- Book: Decoupled PHP — Clean and Hexagonal Architecture for Applications That Outlive the Framework
- Also by me: System Design Pocket Guide: Fundamentals
- My project: Hermes IDE | GitHub — an IDE for developers who ship with Claude Code and other AI coding tools
- Me: xgabriel.com | GitHub
Open app/Models/ in a four-year-old Laravel monolith. User.php is 800 lines. It has a subscriptions() relation, an orders() relation, a productsViewed() relation, a loginAttempts() relation, a billingAddress accessor, an isAdmin() method, a markAsFraudulent() method, and twelve scopes. Six different teams have touched it in the last quarter. Every PR to it merges with at least one merge conflict.
You scroll to the top of the file. The class extends Authenticatable. So now the password reset flow, the fraud rules, the recommendation engine, the order history, and the invoice address all live inside one class that the framework treats as the identity object.
That is what happens when one application pretends to be one domain. It isn't. It's four domains in a trench coat.
This is the part of DDD that survives without the whole DDD apparatus. You don't need a domain expert, a ubiquitous-language workshop, or six color sticky notes on a wall to use bounded contexts. You need to recognize that the word user means a different thing in four different rooms of your application, and you need to stop forcing those four meanings through one PHP class.
What a bounded context actually is, in PHP terms
A bounded context is a region of your code where a word has one specific meaning, with one specific shape, owned by one specific team or feature area. Cross the boundary and the same word means something else.
User in Identity is an account: email, password hash, MFA factors, session tokens, last-seen-at.
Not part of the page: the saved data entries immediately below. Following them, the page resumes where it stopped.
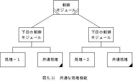 2.構造化の基準 topへ戻る 構造化定理(どんな論理でも順次・選択・繰返しの3つの基本的パターンを用いれば記述できる)を適用してプログラミングすれば、プログラムを難解にしていたgoto命令の使用を避けられる。この構造化プログラミング技法に基づき、プログラム全体の処理の流れを、原則として初期処理、主処理(繰返し処理)、終了処理の3つの部分に分ける。 (1)初期処理部 ・繰返し処理に必要とする入出力ファイルのopen ・実行に必要なパラメータ、コントロールメッセージなどのセット ・カウンタ、レジスタなどの初期値のセット ・繰返し処理に必要とする各ファイルからの第1レコードの読込み ・など (2)主処理部 ・プログラムにおける主たる処理を繰り返し行う部分 ・処理が前後半に分かれる場合は、主処理もそれぞれに分かれる (3)終了処理 ・総計の出力処理 ・総入出力件数の表示 ・使用したファイルのclose ・など 次に各部分で出現する処理機能モジュールをくくり出して、共通処理部とする。 共通処理部に配列する処理機能モジュールは、実行順に無関係で、かつ、そのモジュールを呼び出す制御論理モジュールとの接続関係は図示されなくてよいが、それぞれの処理機能モジュールとのインターフェースのために使用するコモンエリアなどの条件を注記しておくとよい。 |
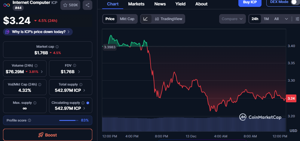 经过持续的日内抛售活动,Internet Computer在3.24美元水平附近交投。该代币在各大交易平台录得约4.5%的日跌幅,同期表现逊于多个同类数字资产。
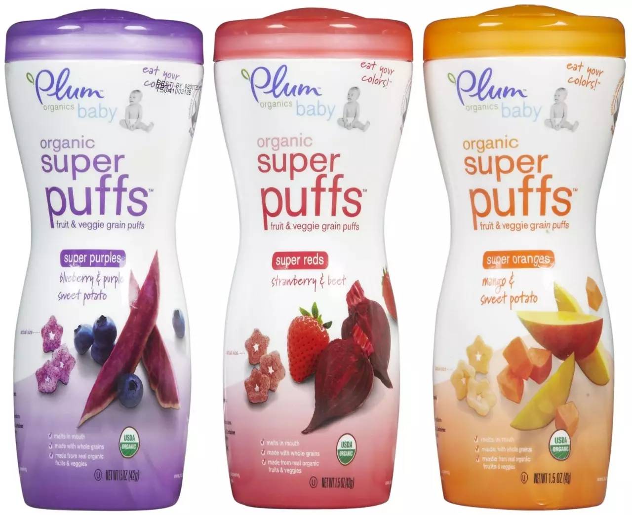 美国谷百 (Plum)食品公司出产的超级有机草莓甜菜星星泡芙专为儿童打造,将甜菜提取物与糯米粉、糙米粉混合烘焙制成,松软容易咀嚼,该公司声称产品不含任何人工化肥、人工添加剂与转基因作物,除甜菜外还具有其他多种口味,深受孩子和家长喜爱。
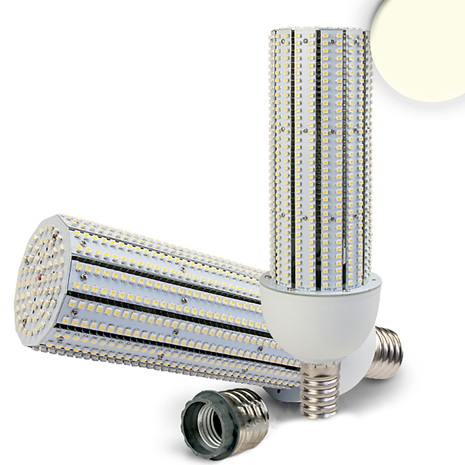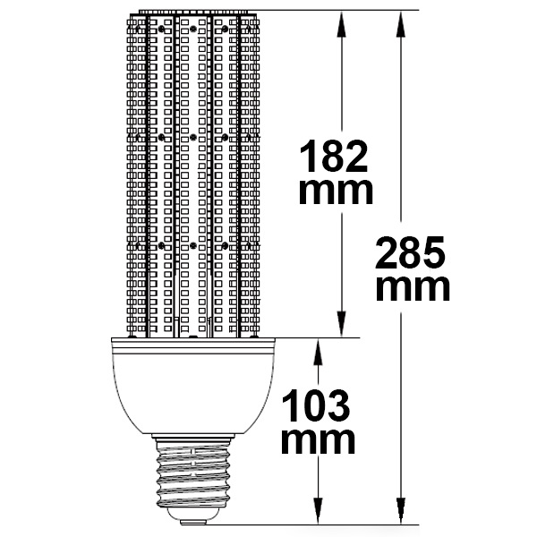 “Besonderheit: Zusätzliche Kühlung durch eingebauten Lüfter, E27 Sockel, inkl. Adapter von E27 auf E40 Ein gegebenenfalls vohandenes Vorschaltgerät muss entfernt bzw. überbrückt werden!
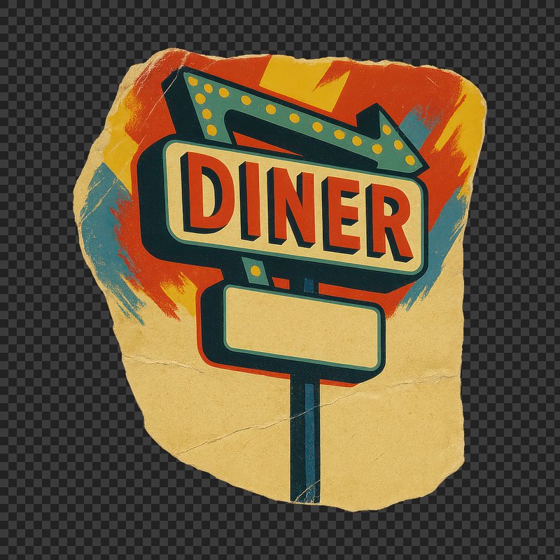 PNG Retro diner sign illustration https://www.rawpixel.com/image/24400122/png-retro-diner-sign-illustrationView license
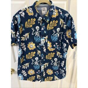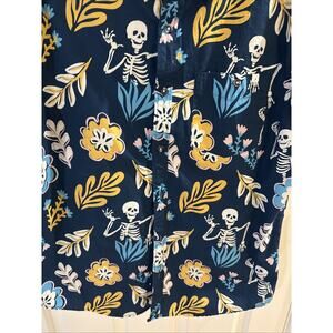 Rare Reverse Threads Floral Skeletons Button Down Men’s Size Large EUC
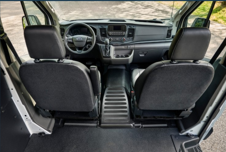 A new Parcel Delivery Package focuses on the needs of an industry seeing incredible growth. It starts with a number of design refinements standard for 2021 Transit that provide improved access to the cargo compartment. The manual parking brake on the floor by the driver’s seat has been replaced in all Transit vans up to 9,500 pounds GVWR by an electronic parking brake, creating a 50 percent wider clear aisle between the front seats.

User in Catalog is a viewer: their browsing history, their wishlists, the regions and currencies they see prices in.
User in Order is a buyer: their shipping addresses, their cart, their order history, their preferred payment method.
User in Billing is a payer: their invoice profile, their VAT number, their dunning state, their open balance, their tax jurisdiction.
These are four objects. They share an ID. They share nothing else. Password-hash format changes have nothing to do with dunning state. Tax jurisdiction shifts have nothing to do with the wishlist. If those four concerns live in one User class, every change touches everyone.
The fix is mechanical. Stop modelling them as one class. Model them as four.
The namespace plan
A team I talked to last year ran a mid-size e-commerce platform on Laravel. Every domain concern was in App\Models\ and App\Http\Controllers\. They were trying to extract Billing into its own service. Multiple attempts failed because Billing's User queries hit users.subscription_tier, which Identity owned but Marketing wrote to, and the users table had become a wide, multi-purpose dumping ground.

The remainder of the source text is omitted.